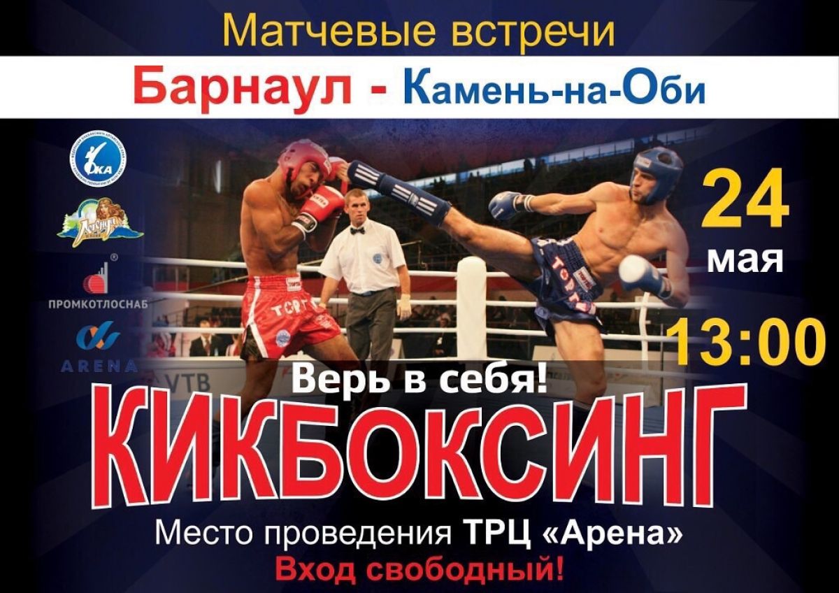 24 мая в краевом центре состоится матчевая встреча Барнаул -Камень-на-Оби. 21 мая 2015 14:13 24 мая в краевом центре состоится матчевая встреча Барнаул -Камень-на-Оби. Соревнования пройдут в торгово-развлекательном центре «Арена» по адресу Павловский тракт, 188. Начало в 13.00. 24 мая в краевом центре состоится матчевая встреча Барнаул -Камень-на-Оби. Вид спорта: Кикбоксинг
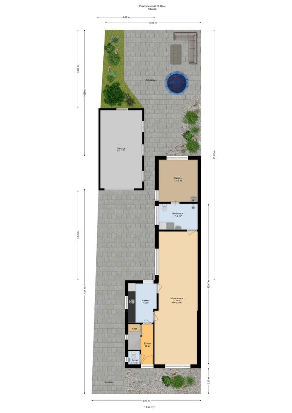 De woning heeft een ruime tuin met terras en groenvoorzieningen.
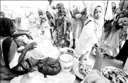 Escolares sudaneses compran comida en las calles del campo de desplazados de Krinding, en la región de Darfur FOTO AFP
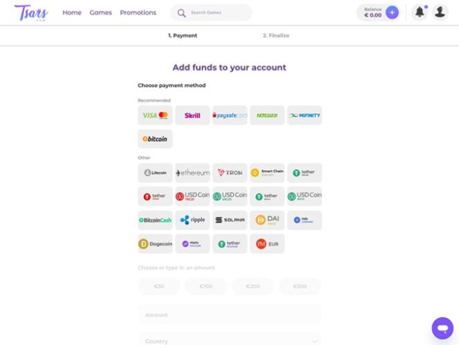 以下に、Tsars Casino のさまざまな入金および出金オプションを示します。
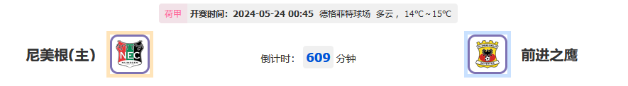 北京时间05月24日00:45,2023-2024 荷兰甲组联赛,尼美根vs前进之鹰,两队目前状态普普通通,今天比赛到底哪一队更胜一筹?
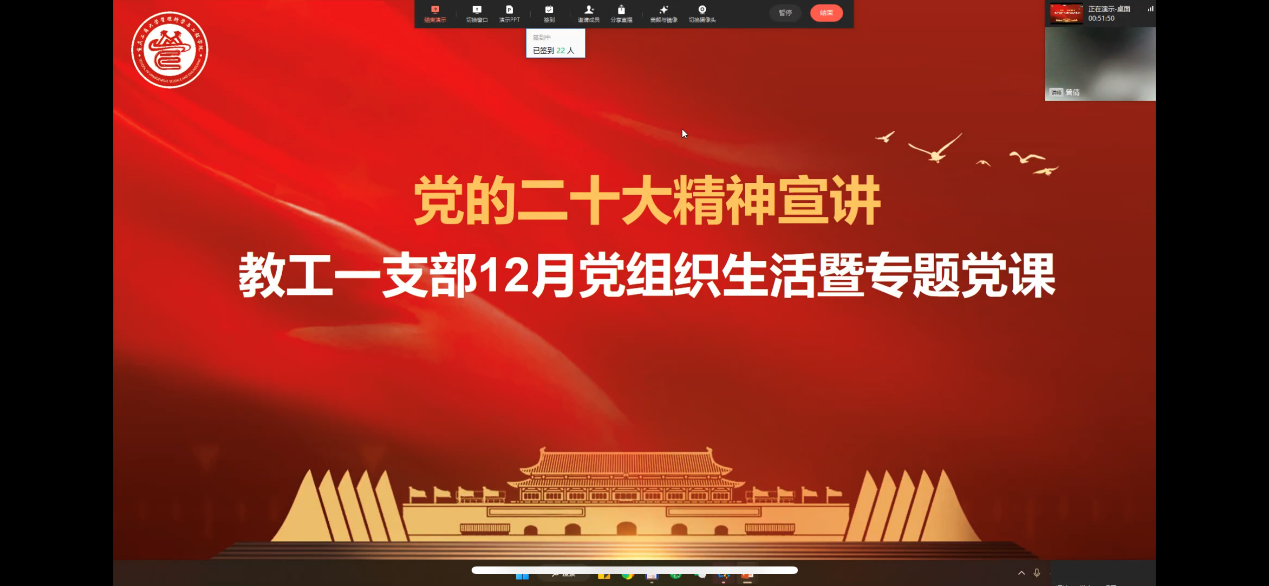 2022年12月30日下午2:00,太阳网集团tcy8722教工一支部在企业微信直播召开12月党组织生活暨专题党课会议。本次会议由教工一支部书记曾倩同志主持,共设党员代表同志发言、支部书记讲党课宣讲二十大精神两项议程。
§ §
Directions: I need the lines from the line containing "以下に、Tsars Casino のさまざまな入金および出金オプションを示します。" through the final line of the listing duplicated exactly, both ends included, with no pictures and nothing else.

Answer space:
 以下に、Tsars Casino のさまざまな入金および出金オプションを示します。
 北京时间05月24日00:45,2023-2024 荷兰甲组联赛,尼美根vs前进之鹰,两队目前状态普普通通,今天比赛到底哪一队更胜一筹?
 2022年12月30日下午2:00,太阳网集团tcy8722教工一支部在企业微信直播召开12月党组织生活暨专题党课会议。本次会议由教工一支部书记曾倩同志主持,共设党员代表同志发言、支部书记讲党课宣讲二十大精神两项议程。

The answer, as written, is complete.